11 Jul 2014

Festival of Archaeology 2014, Cedars Park, Day 0

theobalds palace c.1611
Theobalds Palace; c.1611 (west is up)

A wet morning at Cedars Park didn't dampen the spirits of EAS diggers as preparations for this year's Festival of Archaeology began.

This year's dig at the site of James I's Theobalds Palace is in search of a largely undocumented garden feature set in the wall of the palace grounds. The feature (pictured) is an apparently large enclosure projecting from the west wall of the palace gardens. Although the feature appears in several early maps, including in some (such as the one pictured) an apsidal end, there are no written descriptions or clues as to the feature's purpose. It is presumed to represent some sort of grand ornamental feature such as a loggia.

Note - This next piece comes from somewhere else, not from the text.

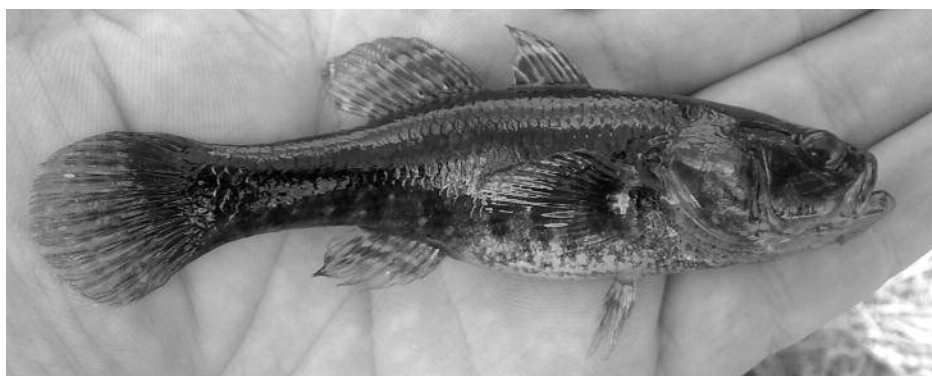
Amurgéb a Kálló-főcsatornából

A faj további terjeszkedése a Berettyó teljes hazai szakaszán és vízgyűjtőjén is valószínű, ami ko-

Although the garden wall itself still exists, it has been repaired and rebuilt many times over the last four centuries, and the projecting feature has long since disappeared.

mattocking trench 1

Trench one was set out today in a position we hope will correspond to the northern edge of the feature. At this stage of the dig we are relying largely on educated guesswork -- it is very hard to accurately judge dimensions on seventeenth century maps and so we have located the trench partly to match the map and partly to coincide with a patch of the standing wall that appears to have been heavily modified -- hopefully a sign that this is the part of the wall that was filled in after the 'loggia' feature was demolished.

Today's work was mostly limited to removing topsoil and a very compacted modern gravel dump, under which signs are already beggining to emerge of a layer of rubble.

Tomorrow will tell whether this has anything to do with our intended target -- watch this space!